## TRY IT
First find the line with "LUCKY DUCK. Party", then reproduce it and all following lines of the data to the end, exactly and with no pictures, adding nothing.

[Data records]
____
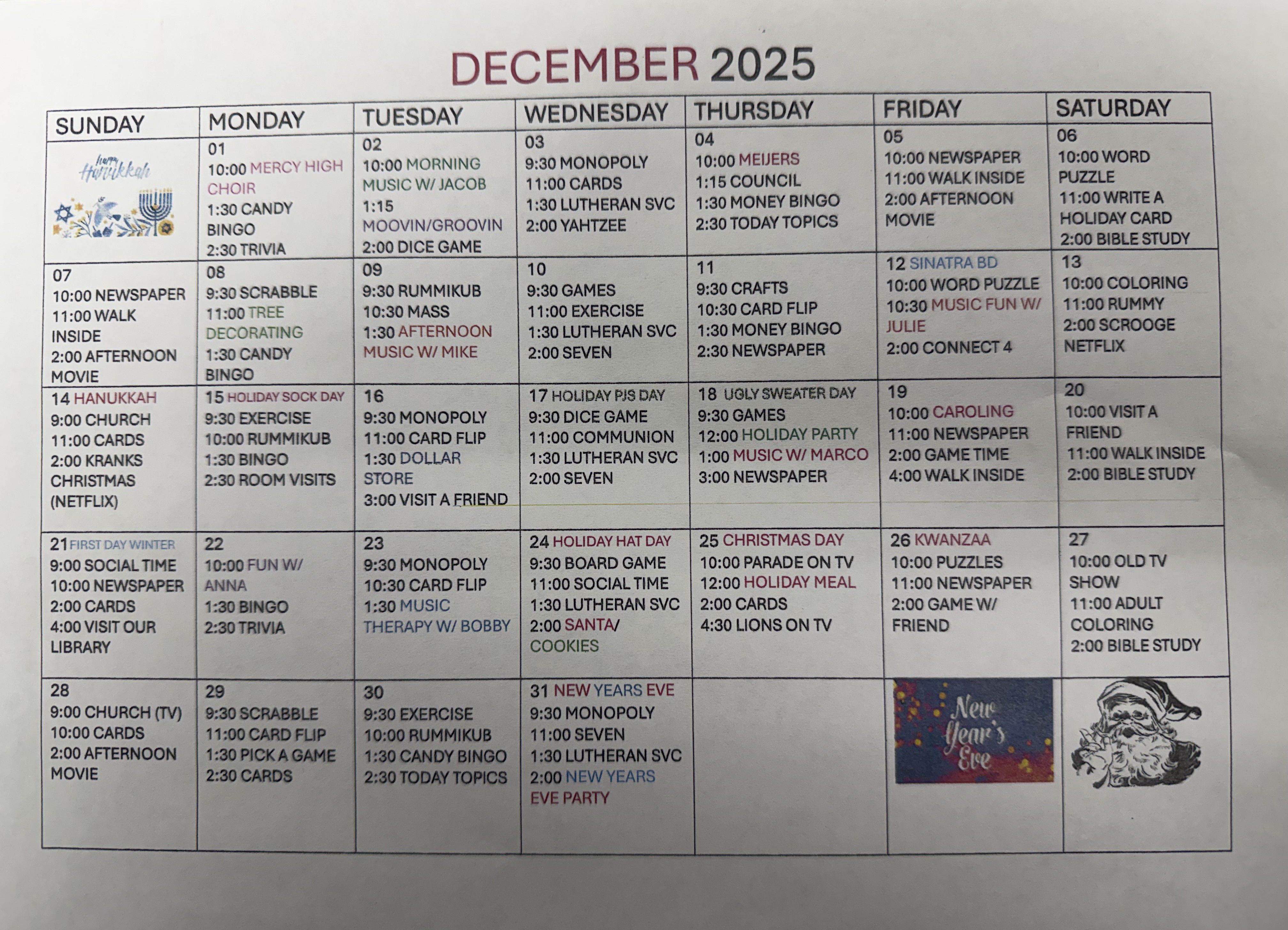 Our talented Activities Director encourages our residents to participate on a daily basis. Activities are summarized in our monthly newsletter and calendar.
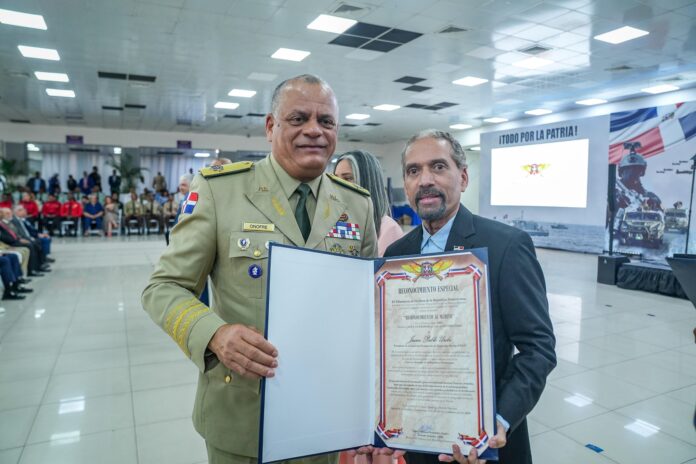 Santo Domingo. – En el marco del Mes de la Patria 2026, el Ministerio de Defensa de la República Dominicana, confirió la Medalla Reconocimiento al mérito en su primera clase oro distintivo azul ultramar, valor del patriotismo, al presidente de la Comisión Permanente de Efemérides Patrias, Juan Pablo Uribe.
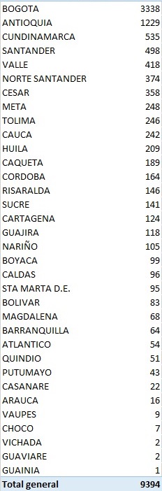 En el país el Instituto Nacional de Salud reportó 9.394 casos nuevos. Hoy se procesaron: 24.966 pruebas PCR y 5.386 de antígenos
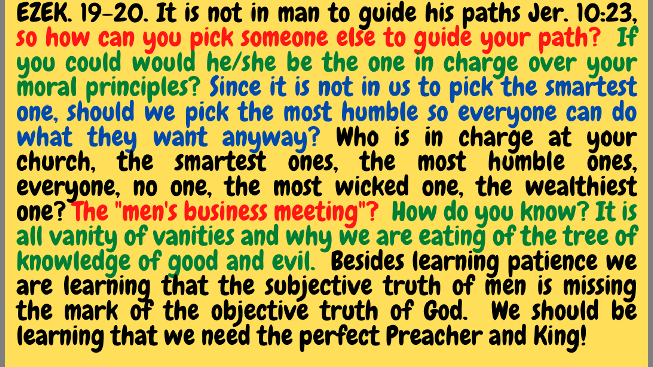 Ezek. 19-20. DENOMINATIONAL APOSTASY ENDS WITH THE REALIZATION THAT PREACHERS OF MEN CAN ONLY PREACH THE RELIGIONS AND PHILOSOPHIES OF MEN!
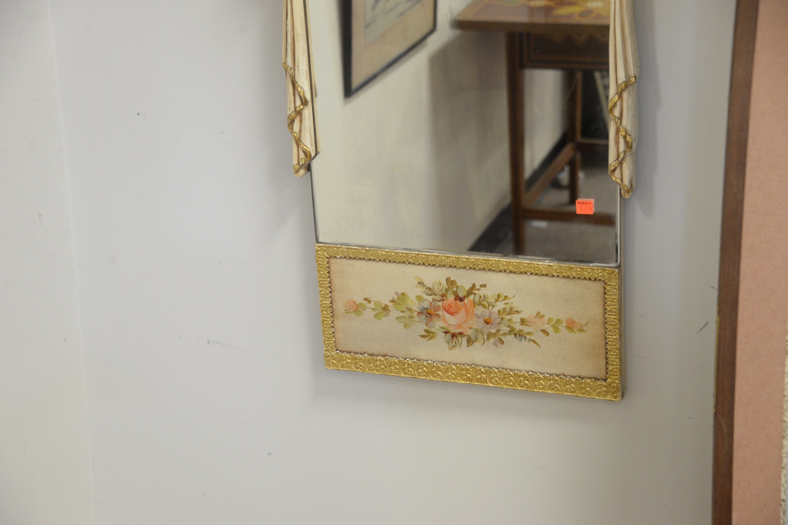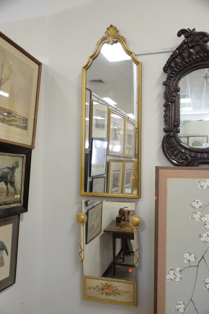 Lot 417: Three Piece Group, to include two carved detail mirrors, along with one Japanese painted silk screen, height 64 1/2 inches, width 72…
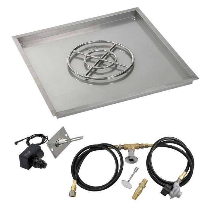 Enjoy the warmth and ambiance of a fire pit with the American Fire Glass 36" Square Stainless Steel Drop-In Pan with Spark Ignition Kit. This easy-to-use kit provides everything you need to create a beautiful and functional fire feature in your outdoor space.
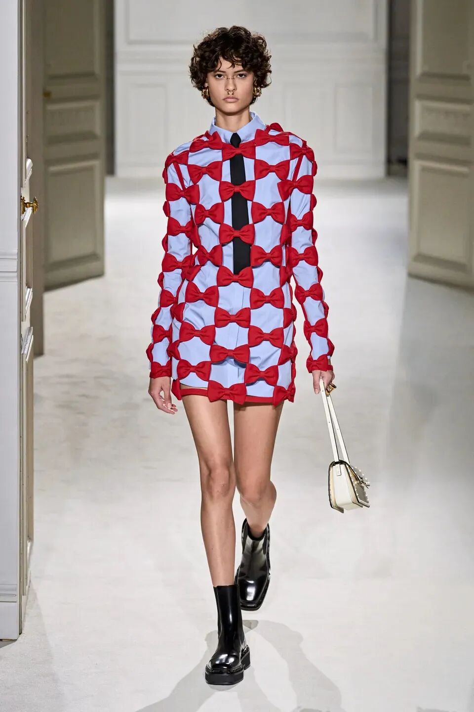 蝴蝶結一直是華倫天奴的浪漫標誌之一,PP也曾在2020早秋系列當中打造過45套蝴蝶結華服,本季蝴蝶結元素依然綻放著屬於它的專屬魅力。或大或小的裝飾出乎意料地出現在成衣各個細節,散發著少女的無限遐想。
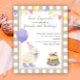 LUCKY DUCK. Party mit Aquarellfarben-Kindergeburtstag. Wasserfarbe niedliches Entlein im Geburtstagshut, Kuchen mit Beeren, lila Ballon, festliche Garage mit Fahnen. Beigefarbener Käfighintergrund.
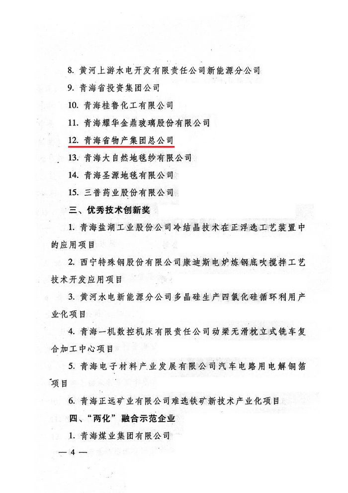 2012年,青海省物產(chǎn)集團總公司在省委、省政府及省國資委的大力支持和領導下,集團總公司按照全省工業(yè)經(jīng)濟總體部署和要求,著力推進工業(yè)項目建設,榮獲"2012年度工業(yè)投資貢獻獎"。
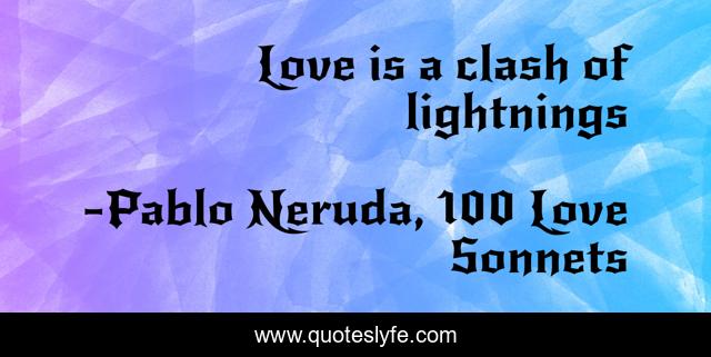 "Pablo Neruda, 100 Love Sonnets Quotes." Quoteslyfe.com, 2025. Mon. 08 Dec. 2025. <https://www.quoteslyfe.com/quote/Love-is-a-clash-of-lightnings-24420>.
____
## ANSWER SECTION
 LUCKY DUCK. Party mit Aquarellfarben-Kindergeburtstag. Wasserfarbe niedliches Entlein im Geburtstagshut, Kuchen mit Beeren, lila Ballon, festliche Garage mit Fahnen. Beigefarbener Käfighintergrund.
 2012年,青海省物產(chǎn)集團總公司在省委、省政府及省國資委的大力支持和領導下,集團總公司按照全省工業(yè)經(jīng)濟總體部署和要求,著力推進工業(yè)項目建設,榮獲"2012年度工業(yè)投資貢獻獎"。
 "Pablo Neruda, 100 Love Sonnets Quotes." Quoteslyfe.com, 2025. Mon. 08 Dec. 2025. <https://www.quoteslyfe.com/quote/Love-is-a-clash-of-lightnings-24420>.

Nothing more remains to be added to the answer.